External ventricular drainage in the management of pediatric patients with posterior fossa tumors and hydrocephalus: a retrospective cohort study.
Child's Nervous System
January 2023, Volume 39, pp 887–894

Verhey L, Maharaj A, Patel N, Manoranjan B, Ajani O, FLeming A, Farrokhyar F, Singh SK, Yarascavitch B (2023).


Analysis of surgical and MRI factors associated with cerebellar mutism 

Journal of Neuro-Oncology
July 2017, Volume 133, Issue 3, pp 539-542
Anjali Sergeant, Michelle Masayo Kameda-Smith, Branavan Manoranjan, Brij Karmur, JoAnn Duckworth, Tina Petrelli, Katey Savage, Olufemi Ajani, Blake Yarascavitch, M. Constantine Samaan, Katrin Scheinemann, Cheryl Alyman, Saleh Almenawer, Forough Farrokhyar, Adam J. Fleming, Sheila Kumari Singh, Nina Stein

SUMMARY

Cerebellar Mutism is a rare postoperative complication characterized by significant lack of speech or loss of speech in children, and may also include ataxia, which is a loss of balance; hypotonia, a diminished muscle tone and strength;  and cognitive deficits. Cerebellar Mutism tends to be temporary and resolves within weeks to months of initial onset, although no definitive evidence of its etiology has been determined.

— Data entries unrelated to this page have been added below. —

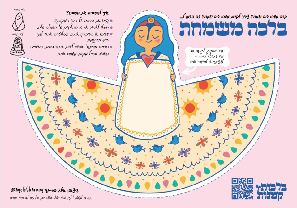 כותבים ברכה במקום המיועד, גוזרים מסביב לדמות המתוקה ומשדכים מאחור. מתקבלת דמות שמחזיקה ברכה. הכל מעוצב ומשמח! תוספת מדליקה לכל מתנה.
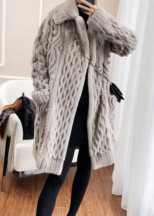 Style Light Grey Button Pockets Patchwork Mink Hair Knitted Coat Fall LY9384
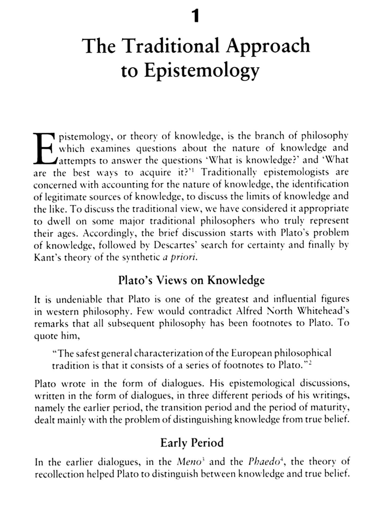 In the first chapter, the traditional approach to epistemology has been discussed briefly focusing on the views of Plato, Descartes and Kant, the three major traditional epistemologists who truly represent their ages.
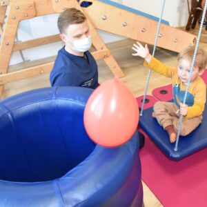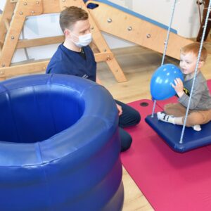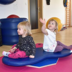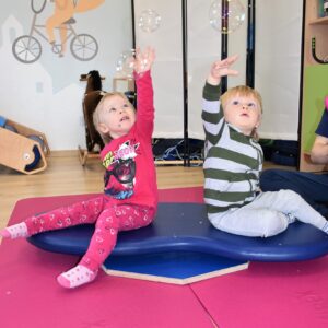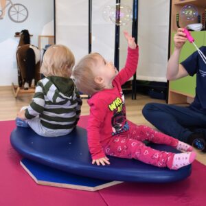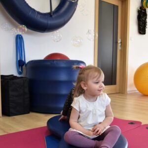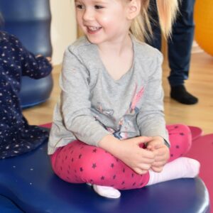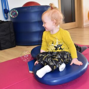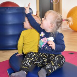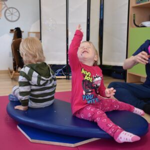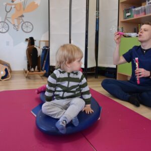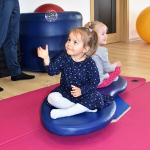 Czas na relację z naszej dzisiejszej zabawy z wujkiem Mateuszem. Grupa młodszych dzieci miała okazję kręcić się na desce rotacyjnej i zbijać bańki mydlane. Później zawijalismy się jak naleśniki a na koniec wujek masował nas piłką
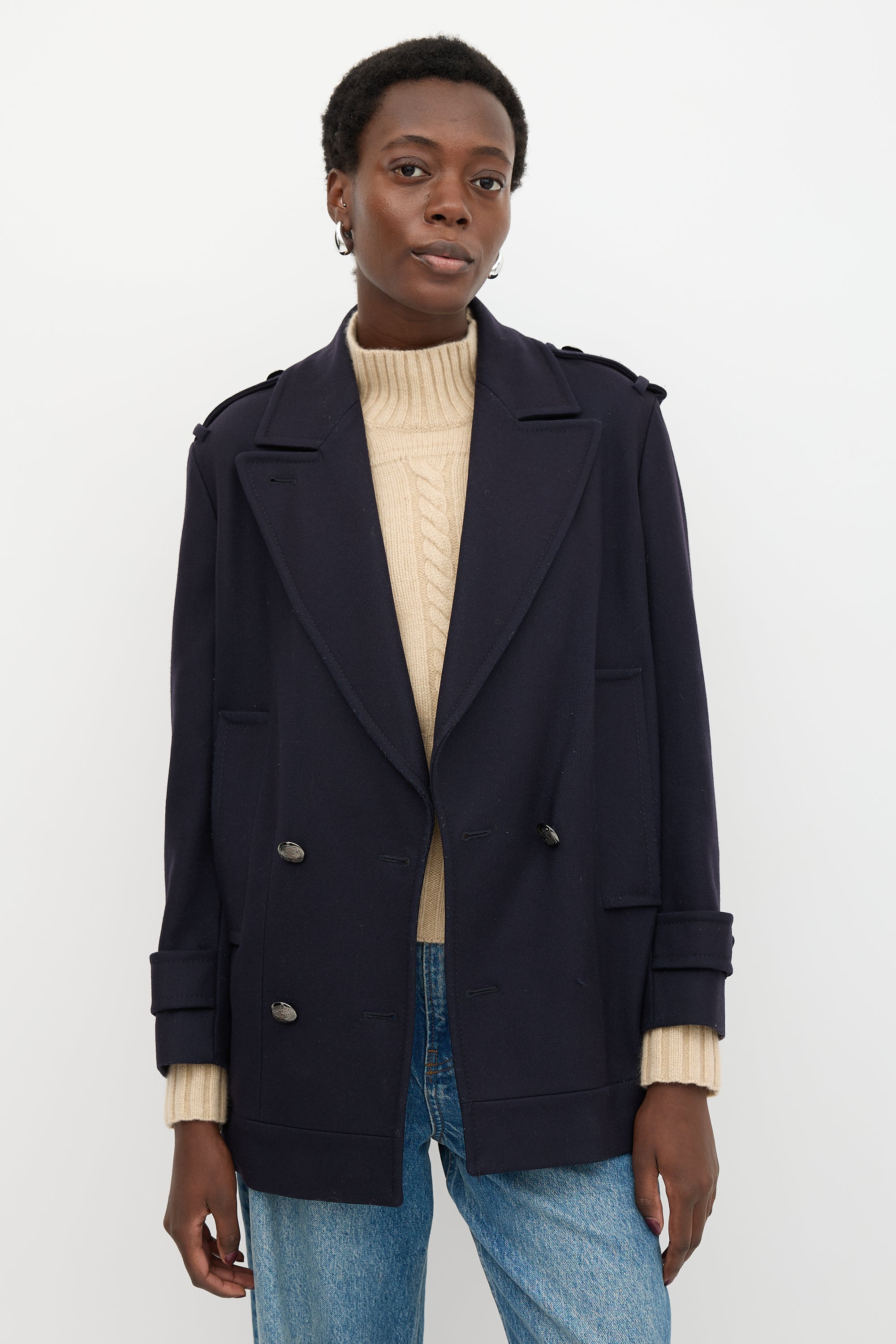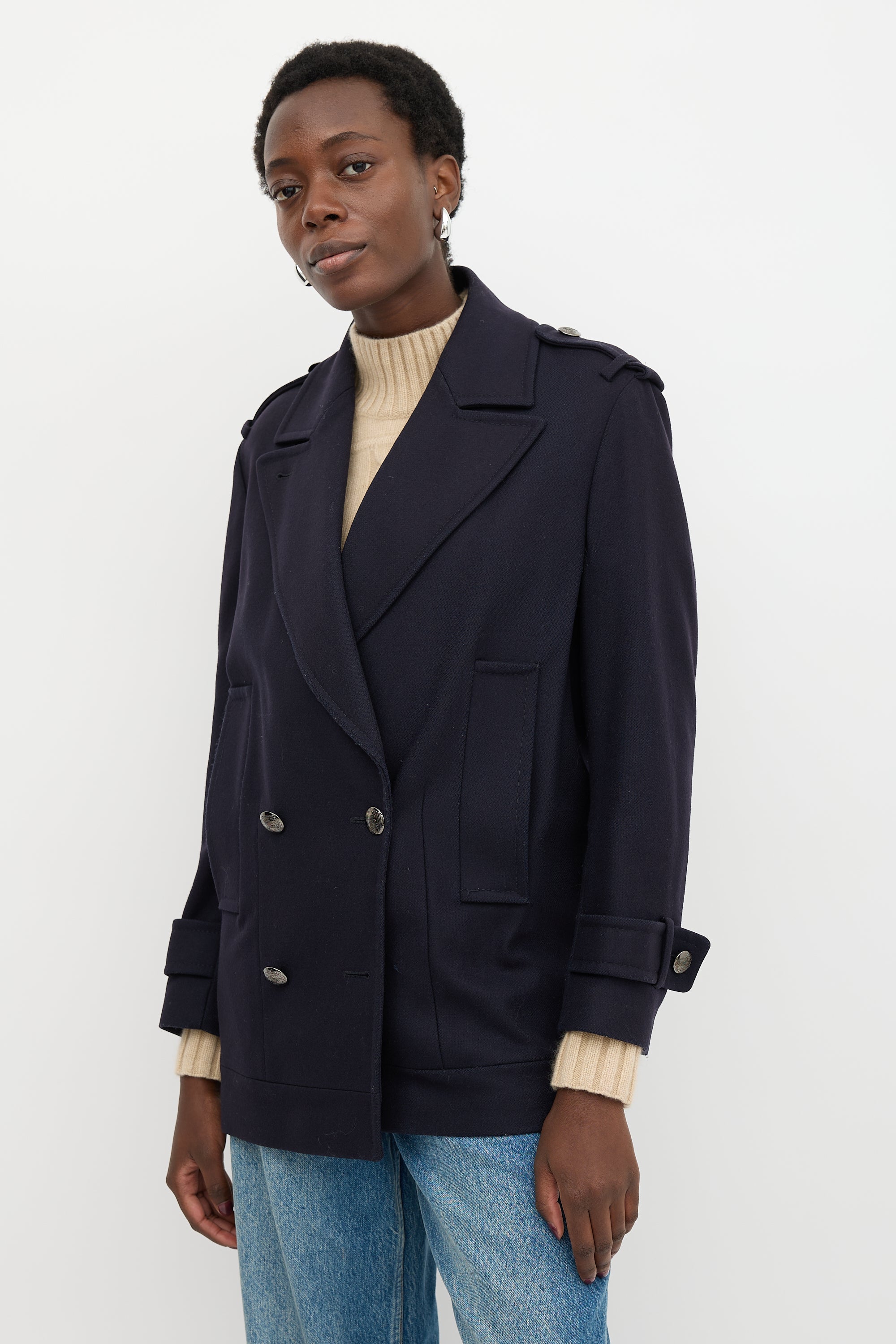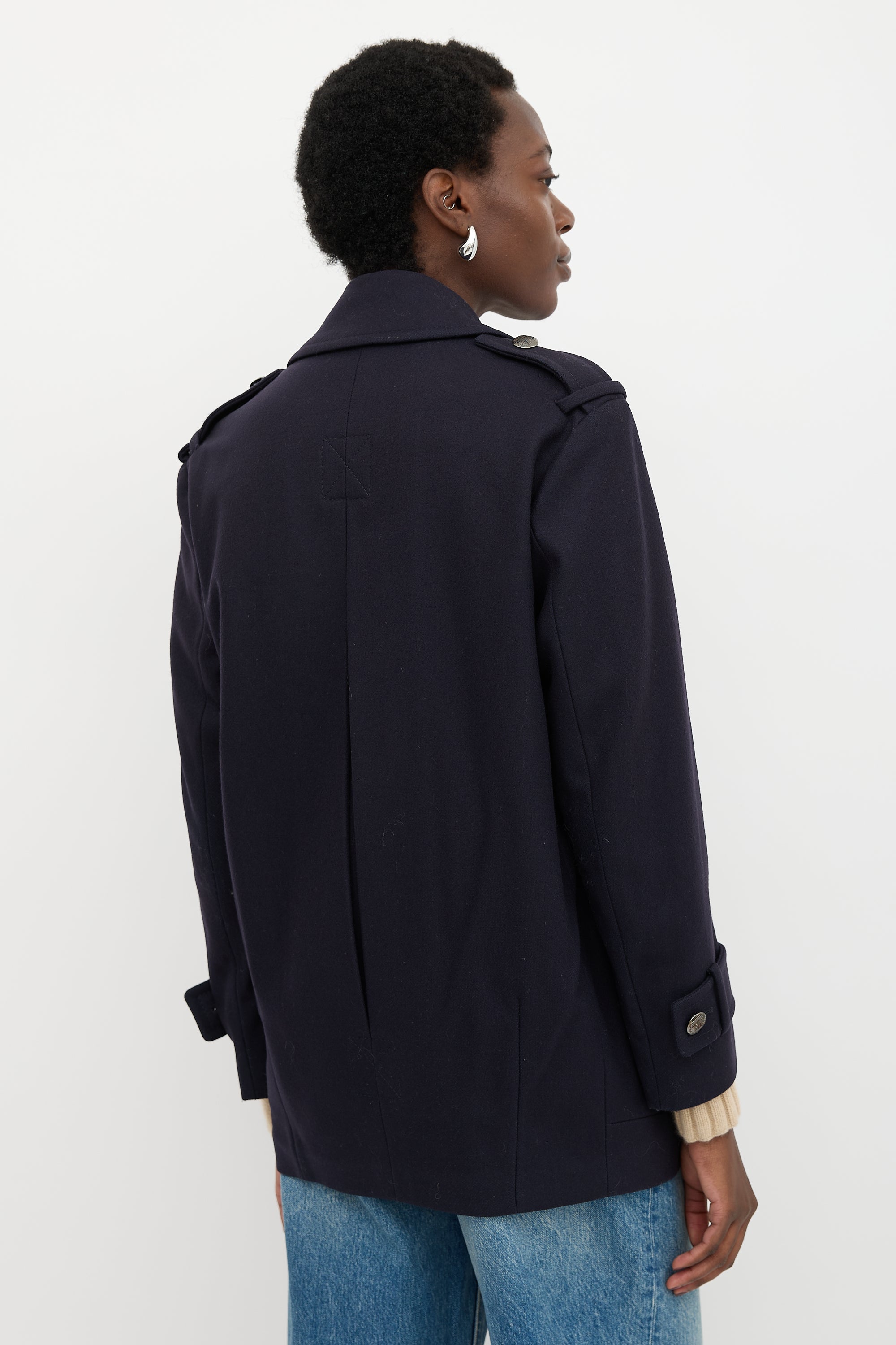 Pre-owned Burberry navy wool blend jacket featuring wide peak lapels, double breasted front, epaulettes, welt pockets, and pleated back. Lined.

Prior clinical studies conducted have suggested that there could be a variety of factors associated with the onset of cerebellar Mutism, including postoperative calcification, Infarction and MRI diffusion abnormalities. Our single centered study investigated 11 patients with Cerebellar Mutism, matching them with 11 controls, attempting to determine whether there are any surgical or MRI markers associated with CM in children after posterior fossa surgery for tumor resection. Understanding these trends will be helpful in elucidating the pathophysiology of the disease and preparing the families of these patients for this unusual complication. Several variables were found to be significantly associated with cerebellar mutism, including the anatomical location of the tumor being at the floor of the fourth ventricle, a compartment in the fluid exchange system of the central nervous system, and infractions, or minor losses of blood supply to areas of the brain. This study will serve as the foundation for our upcoming multi-centered investigation into this phenomenon, hopefully confirming the results elicited here.

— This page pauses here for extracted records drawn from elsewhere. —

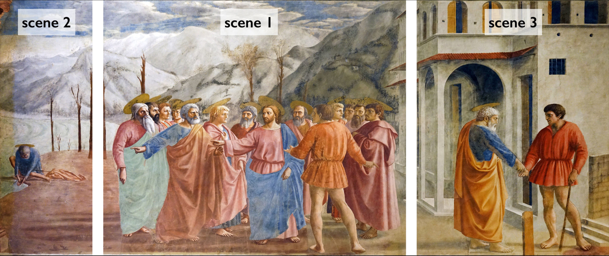 Fresk, Matta 17:24–27’de anlatılan sahneyi üç aşamalı bir sürekli anlatım (continuous narrative) yöntemiyle sunar:
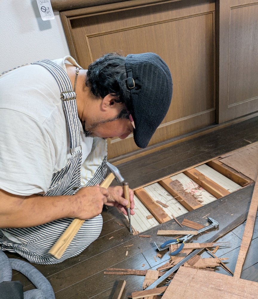 西本・お喋りが好きでいつも明るい大工さん✨大阪万博ではカタール棟の天井を担当しました!細かい箇所まで正確に施工を施してくれます😃
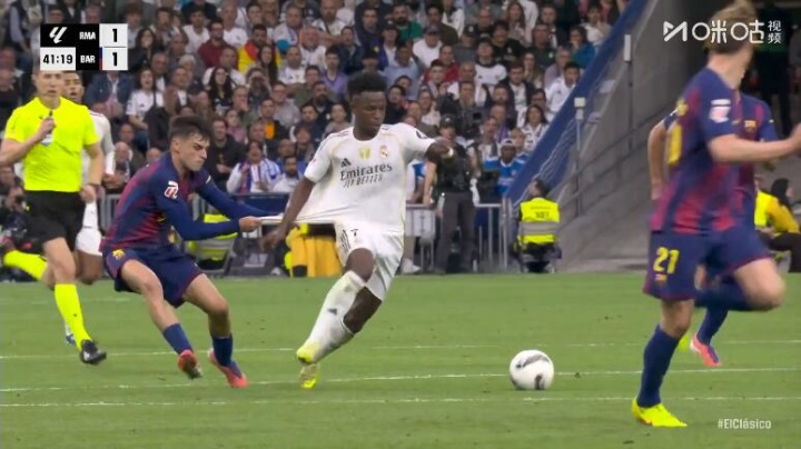 拼命拽!维尼修斯中路突破,佩德里连拉带拽吃到黄牌
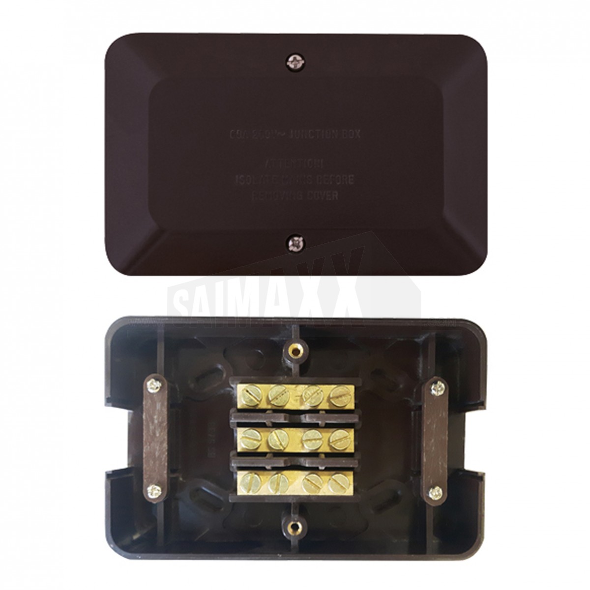 A 60 Amp brown rectangular junction box with 3 terminals provides a robust enclosed connection point for heavier duty fixed wiring. It is suited to higher current cable terminations where a rectangular box format is preferred.

Salvage Therapy for Childhood Medulloblastoma: A Single Center Experience
The Canadian Journal of Neurological Sciences
Volume 46, Issue 4 July 2019 , pp. 403-414
Michelle M. Kameda-Smith, Alick Wang, Noora Abdulhadi, Rebecca Voth, Anjali Sergeant, Arjuna Maharaj, David Bakhshinyan, Ashley A. Adile, Akshat M. Pai, Olufemi Ajani, Blake Yarascavitch, M. Cheryl Alyman, JoAnn Duckworth, M. Constantine Samaan, Forough Farrokhyar, Sheila K. Singh, Adam Fleming on behalf of the Pediatric Brain Tumour Study Group

SUMMARY

Introduction: Children diagnosed with medulloblastoma (MB) who are refractory to upfront therapy or experience recurrence have very poor prognoses. Although phase I and phase II trials exist, these treatments bear significant treatment-related morbidity and mortality. Methods: A retrospective review of children diagnosed with a recurrence of MB from 2002 to 2015 at McMaster University was undertaken. Results: Recurrent disease in 10 patients involved leptomeningeal dissemination, with 3 experiencing local recurrence. In three recurrent patients the disease significantly progressed, and the children were palliated. The remaining 10 children underwent some form of salvage therapy, including surgical re-resection, radiation, and chemotherapy, either in isolation or in varying combinations. Of the 13 children experiencing treatment-refractory or recurrent disease, 4 are currently alive with a median follow-up of 38.5 months (75.5 months). Of the eight patients with molecular subgrouping data, none of the Wnt MB experienced recurrence. Conclusion: Recurrent MB carried a poor prognosis with a 5-year overall survival (OS) of 18.2% despite the administration of salvage therapy. The upfront therapy received, available treatment, and tolerability of the proposed salvage therapy resulted in significant heterogeneity in the treatment of our recurrent cohort.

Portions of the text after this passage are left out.